FDA’s role in licensing and regulating the manufacture of all vaccines sold
in the United States involves monitoring the clinical trials conducted to
demonstrate that a vaccine is safe and effective and conducting periodic
inspections of vaccine production facilities. FDA recently announced that
it is examining its regulatory standards governing the manufacturing
process to determine if reform is needed. In considering such reforms, the
agency seeks to balance the need for requirements that will ensure product
safety against the need to prevent unnecessary disruptions of vaccine
supply.

Part of the problem is that relatively few vaccine manufacturers produce
routine childhood vaccines.36 Five of the eight recommended childhood
vaccines have only one manufacturer each.
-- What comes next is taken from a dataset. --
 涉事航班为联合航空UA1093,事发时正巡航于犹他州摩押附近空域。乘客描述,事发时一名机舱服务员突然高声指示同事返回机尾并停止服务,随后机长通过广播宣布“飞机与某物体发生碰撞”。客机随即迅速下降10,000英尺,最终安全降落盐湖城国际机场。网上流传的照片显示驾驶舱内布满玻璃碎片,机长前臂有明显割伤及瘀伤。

Because long lead times are
needed to produce vaccines and alter production volumes, even short-term
disruptions in manufacturers’ production have created significant
shortages of several childhood vaccines during the last 2 years. In our
recent report on vaccine shortages, we recommended that FDA take the
following measures to help mitigate the effects of future disruptions on
vaccine supply:

• Provide guidance on compliance with good manufacturing practices.
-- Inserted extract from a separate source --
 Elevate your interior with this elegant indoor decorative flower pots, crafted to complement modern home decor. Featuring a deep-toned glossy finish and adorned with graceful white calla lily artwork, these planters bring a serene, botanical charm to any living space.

  In 1997, FDA began tightening its biologics industry inspections,
  including those of vaccine manufacturers. In a phased approach, FDA
  grew more rigorous in assessing manufacturers’ compliance with
  requirements, which included, among other things, quality assurance,
  recordkeeping, personnel qualifications, equipment cleaning, and
  laboratory controls. At the same time, manufacturers reported
  problems with how well FDA communicated the changes in approach
  and expectations for compliance. In October 1999, FDA issued a
  compliance program guidance manual for its own staff, which could
  have provided manufacturers a better understanding of the scope of the
  inspections. However, the manual was available only on request; 3 years
  after its issuance, it is still not available on line, nor is it included in
  FDA’s annual comprehensive list of guidance documents published in
  the Federal Register.


36
 U.S. General Accounting Office, Childhood Vaccines: Ensuring an Adequate Supply
Poses Continuing Challenges, GAO-02-987 (Washington, D.C.: Sept. 13, 2002).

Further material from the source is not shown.